- Task statement:
The line with "Termoelement girişli Kızılötesi" marks the first line to copy, and the line with "Tadbirda talabalarga korrupsiyaga" marks the last. Transcribe that stretch of the data below exactly, without pictures.

- Extracted entries:
Segment Open
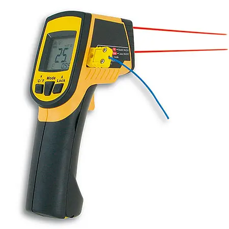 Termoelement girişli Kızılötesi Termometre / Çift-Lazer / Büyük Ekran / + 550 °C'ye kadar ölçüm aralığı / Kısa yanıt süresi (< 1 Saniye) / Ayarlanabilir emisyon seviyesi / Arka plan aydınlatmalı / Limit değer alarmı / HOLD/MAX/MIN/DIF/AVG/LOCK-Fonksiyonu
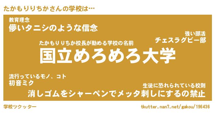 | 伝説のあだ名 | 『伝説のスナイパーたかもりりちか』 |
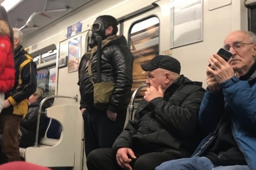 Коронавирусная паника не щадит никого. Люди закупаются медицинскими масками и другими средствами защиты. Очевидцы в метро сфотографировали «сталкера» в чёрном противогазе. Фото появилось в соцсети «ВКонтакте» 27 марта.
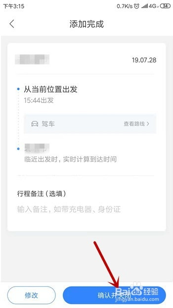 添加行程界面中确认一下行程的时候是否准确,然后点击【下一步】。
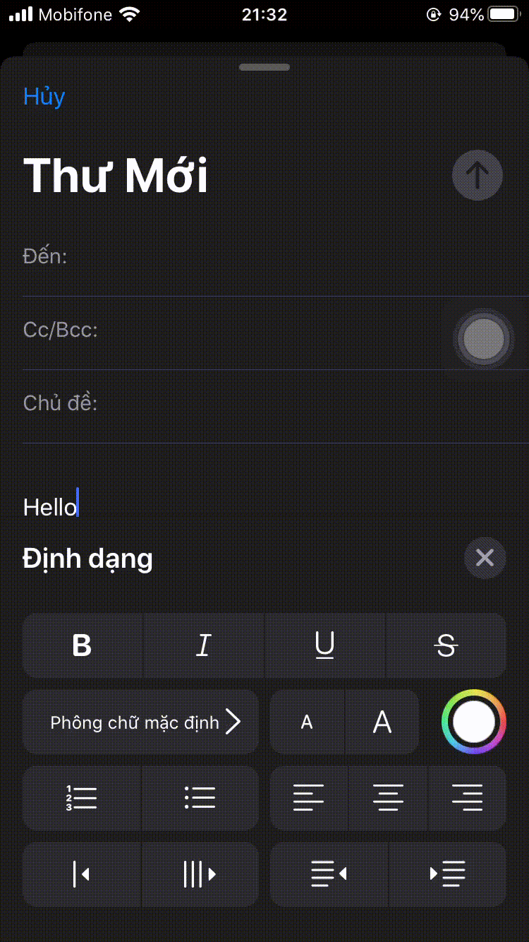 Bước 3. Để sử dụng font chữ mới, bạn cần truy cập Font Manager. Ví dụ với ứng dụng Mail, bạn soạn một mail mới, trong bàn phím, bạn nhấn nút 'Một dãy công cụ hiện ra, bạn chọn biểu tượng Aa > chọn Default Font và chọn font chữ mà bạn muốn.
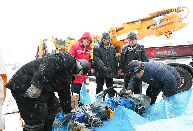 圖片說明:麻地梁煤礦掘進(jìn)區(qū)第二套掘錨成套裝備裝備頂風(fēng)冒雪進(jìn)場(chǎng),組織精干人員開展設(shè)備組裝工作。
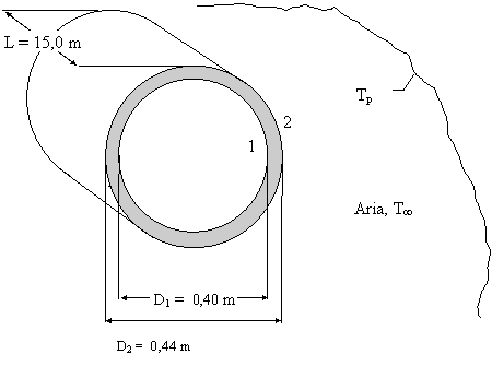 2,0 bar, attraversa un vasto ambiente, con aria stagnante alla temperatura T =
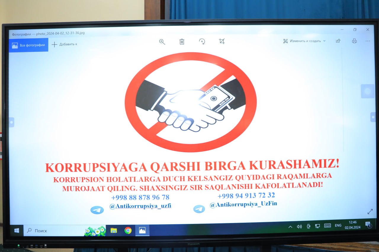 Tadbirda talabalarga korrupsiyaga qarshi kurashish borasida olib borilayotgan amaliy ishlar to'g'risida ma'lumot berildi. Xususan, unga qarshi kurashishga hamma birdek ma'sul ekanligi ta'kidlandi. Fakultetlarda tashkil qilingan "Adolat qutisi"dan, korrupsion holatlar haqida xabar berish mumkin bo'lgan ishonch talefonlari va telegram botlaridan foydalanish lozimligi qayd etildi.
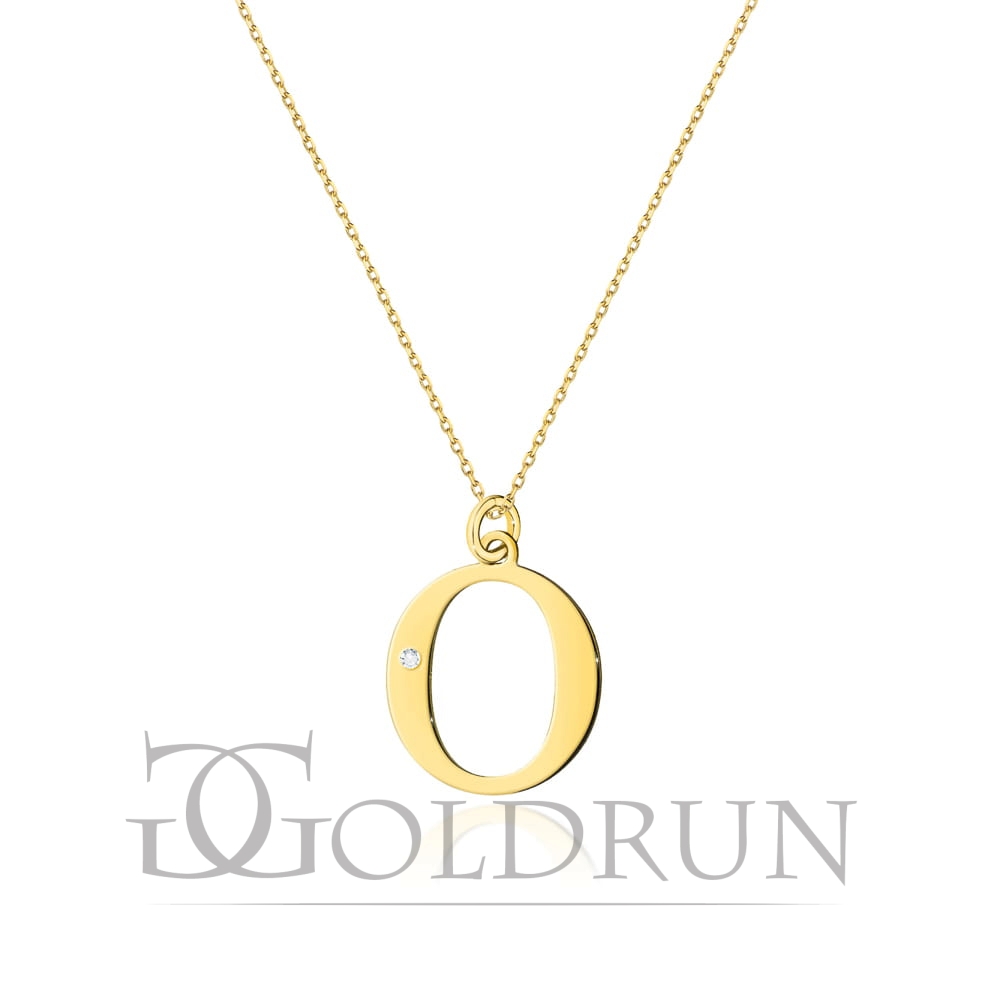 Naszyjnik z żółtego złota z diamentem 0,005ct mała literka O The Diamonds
Segment Closed
Segment Open
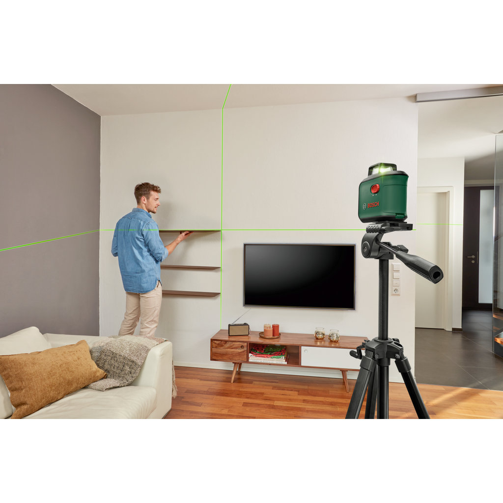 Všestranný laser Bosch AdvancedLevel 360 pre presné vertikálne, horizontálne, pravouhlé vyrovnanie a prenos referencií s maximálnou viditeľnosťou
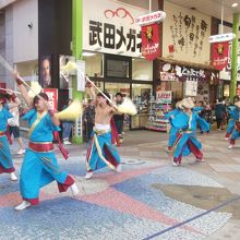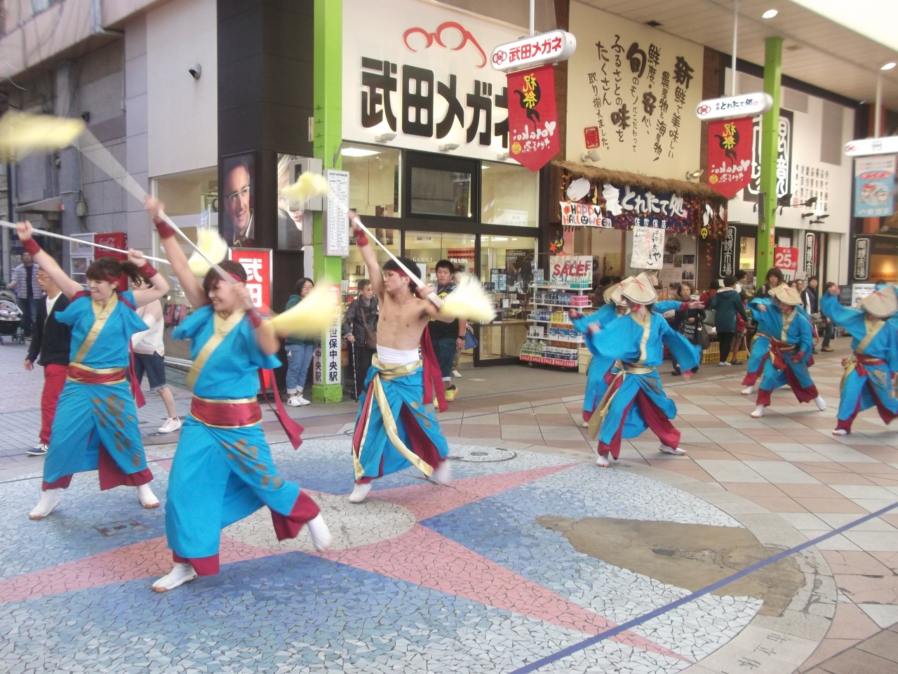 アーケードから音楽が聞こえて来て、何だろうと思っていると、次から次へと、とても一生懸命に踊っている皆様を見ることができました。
Segment Closed
- Result below:
 Termoelement girişli Kızılötesi Termometre / Çift-Lazer / Büyük Ekran / + 550 °C'ye kadar ölçüm aralığı / Kısa yanıt süresi (< 1 Saniye) / Ayarlanabilir emisyon seviyesi / Arka plan aydınlatmalı / Limit değer alarmı / HOLD/MAX/MIN/DIF/AVG/LOCK-Fonksiyonu
 | 伝説のあだ名 | 『伝説のスナイパーたかもりりちか』 |
 Коронавирусная паника не щадит никого. Люди закупаются медицинскими масками и другими средствами защиты. Очевидцы в метро сфотографировали «сталкера» в чёрном противогазе. Фото появилось в соцсети «ВКонтакте» 27 марта.
 添加行程界面中确认一下行程的时候是否准确,然后点击【下一步】。
 Bước 3. Để sử dụng font chữ mới, bạn cần truy cập Font Manager. Ví dụ với ứng dụng Mail, bạn soạn một mail mới, trong bàn phím, bạn nhấn nút 'Một dãy công cụ hiện ra, bạn chọn biểu tượng Aa > chọn Default Font và chọn font chữ mà bạn muốn.
 圖片說明:麻地梁煤礦掘進(jìn)區(qū)第二套掘錨成套裝備裝備頂風(fēng)冒雪進(jìn)場(chǎng),組織精干人員開展設(shè)備組裝工作。
 2,0 bar, attraversa un vasto ambiente, con aria stagnante alla temperatura T =
 Tadbirda talabalarga korrupsiyaga qarshi kurashish borasida olib borilayotgan amaliy ishlar to'g'risida ma'lumot berildi. Xususan, unga qarshi kurashishga hamma birdek ma'sul ekanligi ta'kidlandi. Fakultetlarda tashkil qilingan "Adolat qutisi"dan, korrupsion holatlar haqida xabar berish mumkin bo'lgan ishonch talefonlari va telegram botlaridan foydalanish lozimligi qayd etildi.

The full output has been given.